Every parent is very familiar with the phrase “they grow up so fast.” It’s a complete and total cliche, and yet it’s often hard to deny that it’s also incredibly true as well. It can often feel as though time is leaving you behind and that your little one is growing up at such a speed that you can’t really keep up. Of course, the best thing that you can do is not only to try and keep up but to try and encourage your children through many of the milestones that often come with growing up.  With that in mind, here are some ways to help your child’s development.

 

Leaving the cot

One of the first milestones that many parents and children both find themselves struggling with is the moment where your child outgrows the cot that they’ve been sleeping in since they were an infant. You’ll usually get a decent amount of warning that this is coming because you’ll find that your child is able to climb out of the cot without any help and that they are finding themselves feeling someone cramped while they’re sleeping in it. The most important thing for you is to try and make this transition as fun and exciting for your child as possible. Little kids don’t like change, that’s just a fact of life, and many young children treat their cot as a place where they feel very safe and protected. The space that’s offered by a lot of toddler beds can often make them feel a little exposed. Luckily a lot of beds for toddlers can be incredibly fun, with a whole host of different designs and themes. Get your child involved in choosing the bed and they will feel a much stronger sense of ownership over it, making them incredibly excited to sleep in it.   

 

Potty Training

This is something that many parents dread more than just about anything. As much of a pain as changing nappies can be, the idea of transitioning from them to your child using the toilet can be seriously daunting. The single most important thing to remember is that you don’t put too much pressure on your child.
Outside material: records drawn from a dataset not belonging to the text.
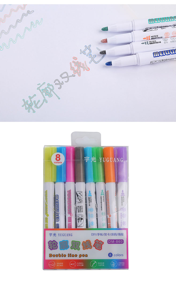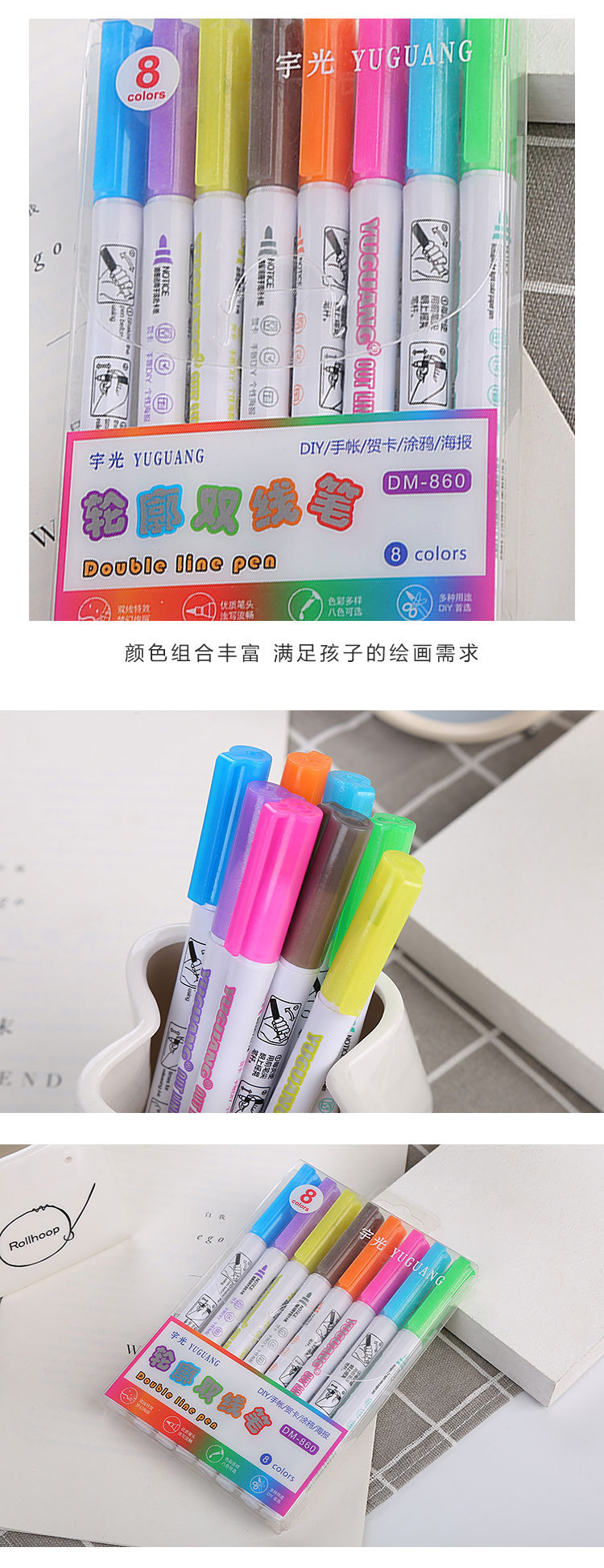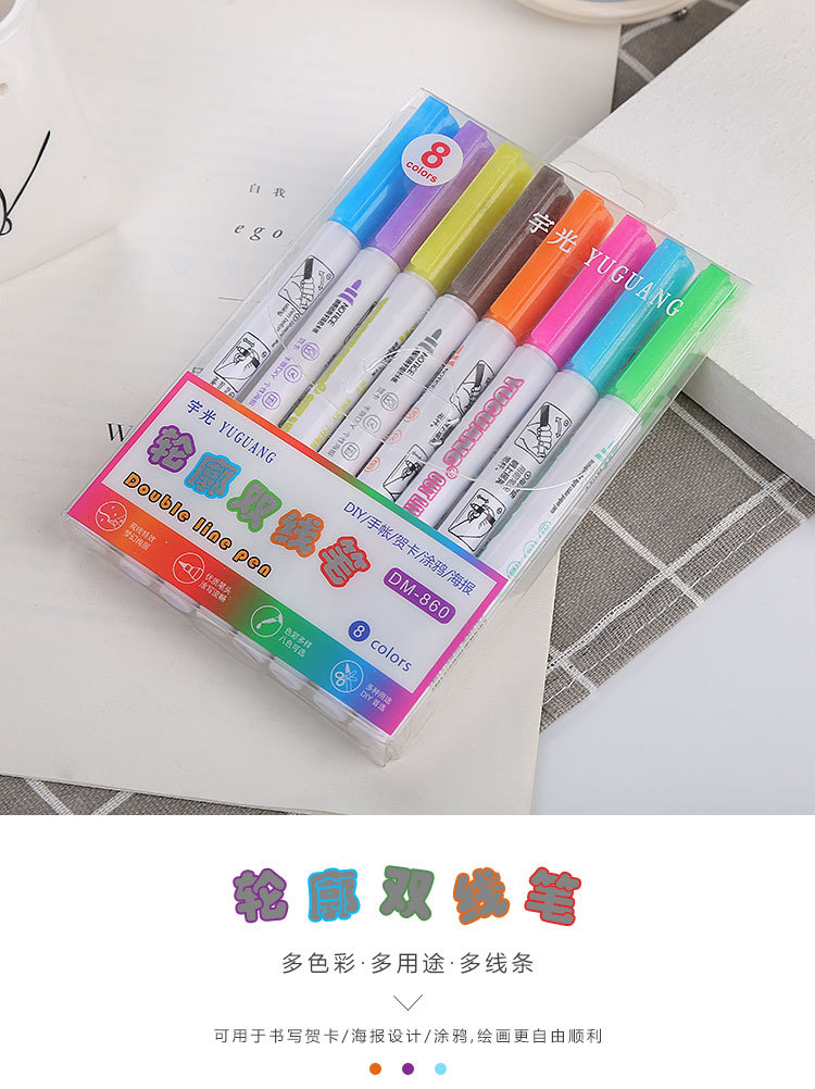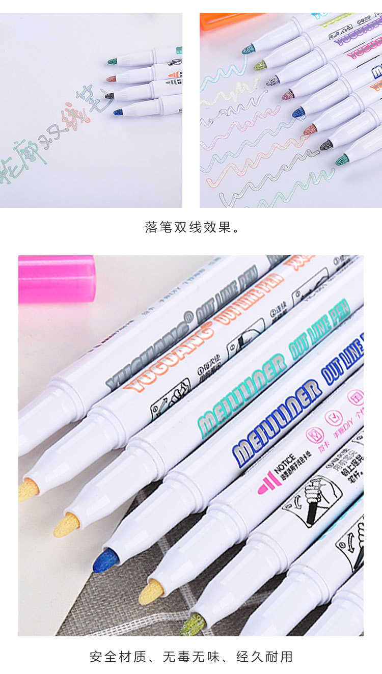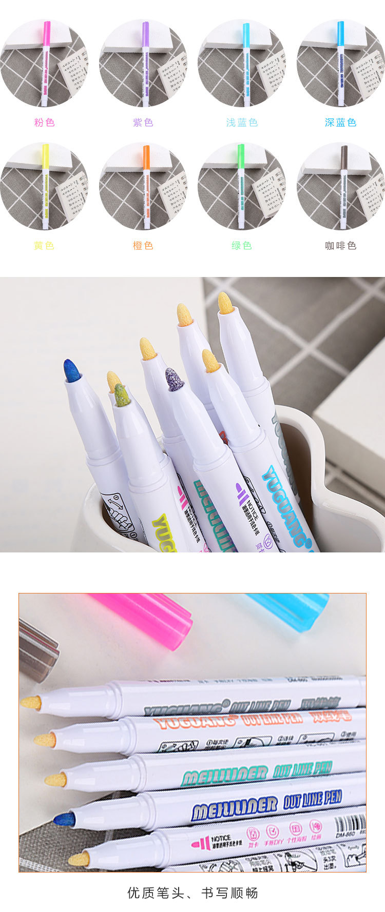 Internet celebridad colorido contorno pluma colorido flash DIY fantasía resaltador multifuncional pintura acuarela pluma al por mayor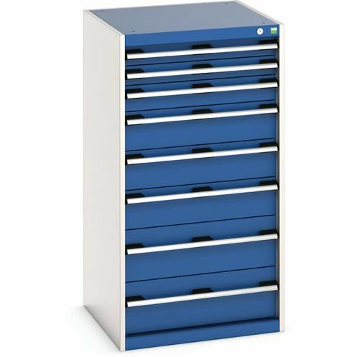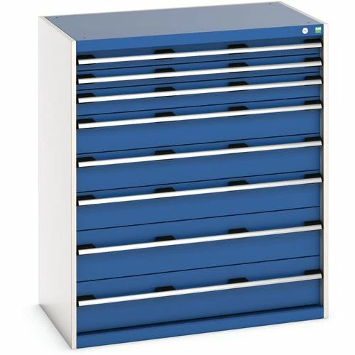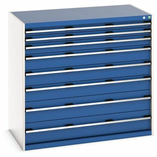- Ergonomische handgrepen voor van boven of van onderen vastpakken, standaard met blokkeersysteem van laden, individuele vergrendeling van de laden als optie verkrijgbaar.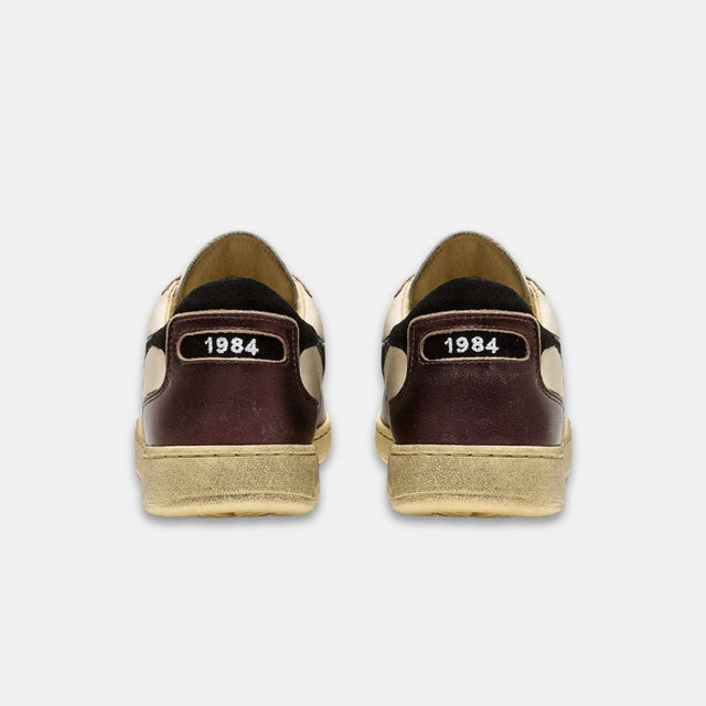 Estamos en 1984, año en el que un par de zapatillas escriben la historia del baloncesto: son las MI Basket. En esta ocasión el emblemático modelo se presenta en versión MI Basket Low Metallic Dirty, de piel plena flor laminada premium, con aplicaciones de ante, tratamiento de lavado a la piedra y encerado.
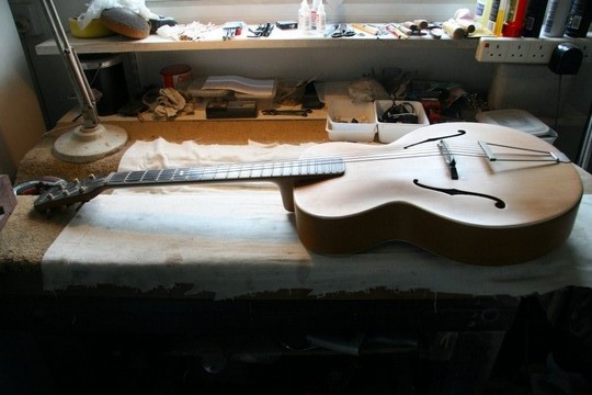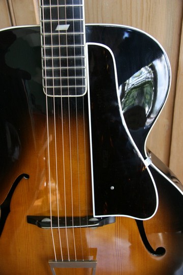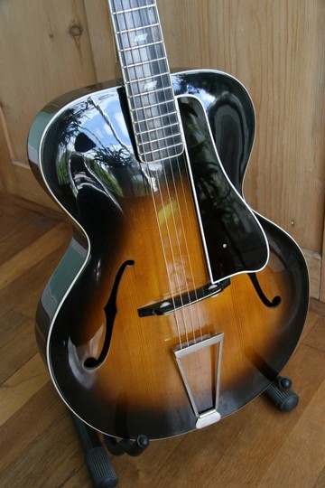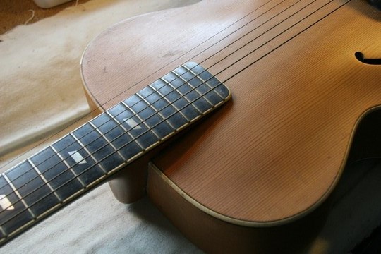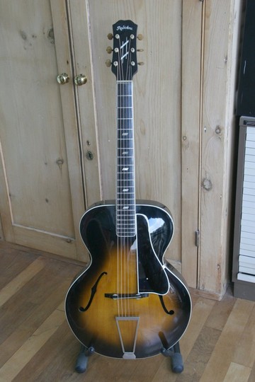 This mid-1930s Radiotone 7812 is the sort of instrument big band jazz guitarists bought in the UK - Gibsons and other high end American instruments were rarely available (or affordable).

Potty training is something that should be done gradually, and you should never get angry when your child has accidents, even if it is incredibly frustrating to have to wash their clothes so much more frequently. Be as upbeat and positive as possible so that your child doesn’t become self-conscious about it. By offering as much positive reinforcement as possible, you’ll actually find that the whole process takes a lot less time than you might initially assume.

 

Learning independence

Helping your child, even as a baby, become more independent is pretty essential to their development and there are plenty of ways to do that. From swimming lessons to letting them spend time in the hands of friends and relatives without you, to taking them to baby and toddler groups to develop social skills, it’s essential that you teach your baby that, while you’ll always be there for them, it’s okay for them to spend time without you. This can often be just as hard for you as it is for them but it’s the kind of thing that really does help you both in the long run.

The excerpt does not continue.